§ **Collected material**:
○ ○ ○ ○

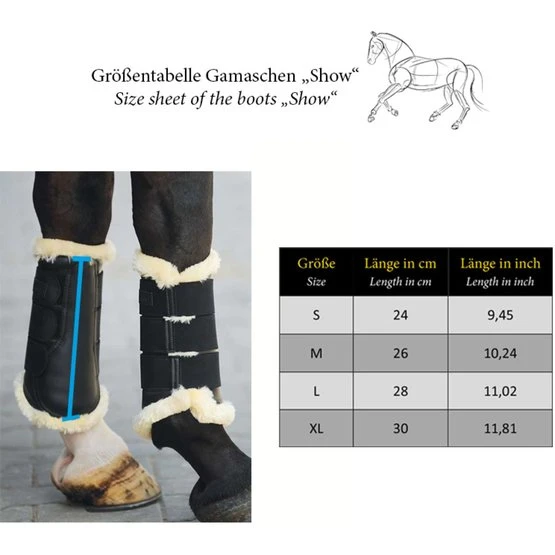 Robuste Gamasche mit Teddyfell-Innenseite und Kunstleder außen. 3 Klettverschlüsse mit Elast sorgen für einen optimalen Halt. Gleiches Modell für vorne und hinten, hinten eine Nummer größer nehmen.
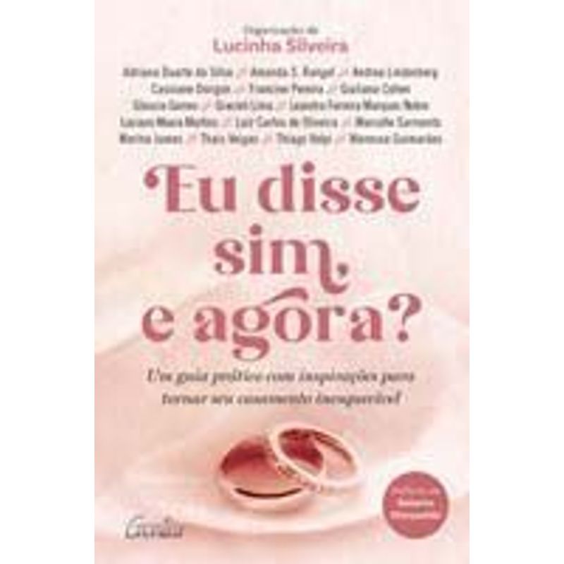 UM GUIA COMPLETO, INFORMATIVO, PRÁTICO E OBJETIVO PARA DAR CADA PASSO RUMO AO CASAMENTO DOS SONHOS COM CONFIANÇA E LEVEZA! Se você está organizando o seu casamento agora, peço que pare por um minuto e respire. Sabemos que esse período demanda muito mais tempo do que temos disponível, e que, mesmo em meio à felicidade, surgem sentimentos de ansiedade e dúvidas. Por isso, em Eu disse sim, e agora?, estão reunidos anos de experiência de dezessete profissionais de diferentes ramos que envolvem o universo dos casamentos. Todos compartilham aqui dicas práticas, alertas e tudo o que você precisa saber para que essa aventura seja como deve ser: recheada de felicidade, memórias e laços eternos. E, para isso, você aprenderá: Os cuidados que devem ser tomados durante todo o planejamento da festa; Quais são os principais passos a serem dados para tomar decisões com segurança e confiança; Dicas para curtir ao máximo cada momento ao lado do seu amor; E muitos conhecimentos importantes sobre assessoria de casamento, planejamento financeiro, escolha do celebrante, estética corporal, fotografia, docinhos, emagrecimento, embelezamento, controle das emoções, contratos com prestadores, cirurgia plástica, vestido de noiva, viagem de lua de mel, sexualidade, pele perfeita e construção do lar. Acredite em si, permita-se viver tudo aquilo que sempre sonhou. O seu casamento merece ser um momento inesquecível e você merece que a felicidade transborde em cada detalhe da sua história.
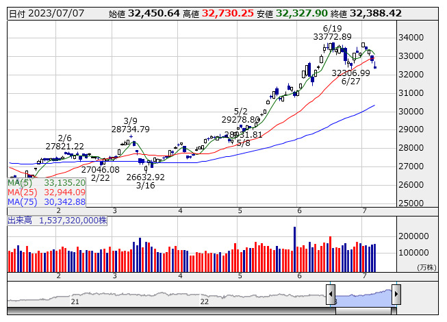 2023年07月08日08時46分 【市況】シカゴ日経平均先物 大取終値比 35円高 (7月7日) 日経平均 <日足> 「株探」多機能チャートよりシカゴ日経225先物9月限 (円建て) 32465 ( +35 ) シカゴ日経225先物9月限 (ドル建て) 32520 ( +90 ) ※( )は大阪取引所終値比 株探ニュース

○ ○ ○ ○

§ **Action item**:
Pictures aside, the material must be written out word for word.

§ **Solution**:
 Robuste Gamasche mit Teddyfell-Innenseite und Kunstleder außen. 3 Klettverschlüsse mit Elast sorgen für einen optimalen Halt. Gleiches Modell für vorne und hinten, hinten eine Nummer größer nehmen.
 UM GUIA COMPLETO, INFORMATIVO, PRÁTICO E OBJETIVO PARA DAR CADA PASSO RUMO AO CASAMENTO DOS SONHOS COM CONFIANÇA E LEVEZA! Se você está organizando o seu casamento agora, peço que pare por um minuto e respire. Sabemos que esse período demanda muito mais tempo do que temos disponível, e que, mesmo em meio à felicidade, surgem sentimentos de ansiedade e dúvidas. Por isso, em Eu disse sim, e agora?, estão reunidos anos de experiência de dezessete profissionais de diferentes ramos que envolvem o universo dos casamentos. Todos compartilham aqui dicas práticas, alertas e tudo o que você precisa saber para que essa aventura seja como deve ser: recheada de felicidade, memórias e laços eternos. E, para isso, você aprenderá: Os cuidados que devem ser tomados durante todo o planejamento da festa; Quais são os principais passos a serem dados para tomar decisões com segurança e confiança; Dicas para curtir ao máximo cada momento ao lado do seu amor; E muitos conhecimentos importantes sobre assessoria de casamento, planejamento financeiro, escolha do celebrante, estética corporal, fotografia, docinhos, emagrecimento, embelezamento, controle das emoções, contratos com prestadores, cirurgia plástica, vestido de noiva, viagem de lua de mel, sexualidade, pele perfeita e construção do lar. Acredite em si, permita-se viver tudo aquilo que sempre sonhou. O seu casamento merece ser um momento inesquecível e você merece que a felicidade transborde em cada detalhe da sua história.
 2023年07月08日08時46分 【市況】シカゴ日経平均先物 大取終値比 35円高 (7月7日) 日経平均 <日足> 「株探」多機能チャートよりシカゴ日経225先物9月限 (円建て) 32465 ( +35 ) シカゴ日経225先物9月限 (ドル建て) 32520 ( +90 ) ※( )は大阪取引所終値比 株探ニュース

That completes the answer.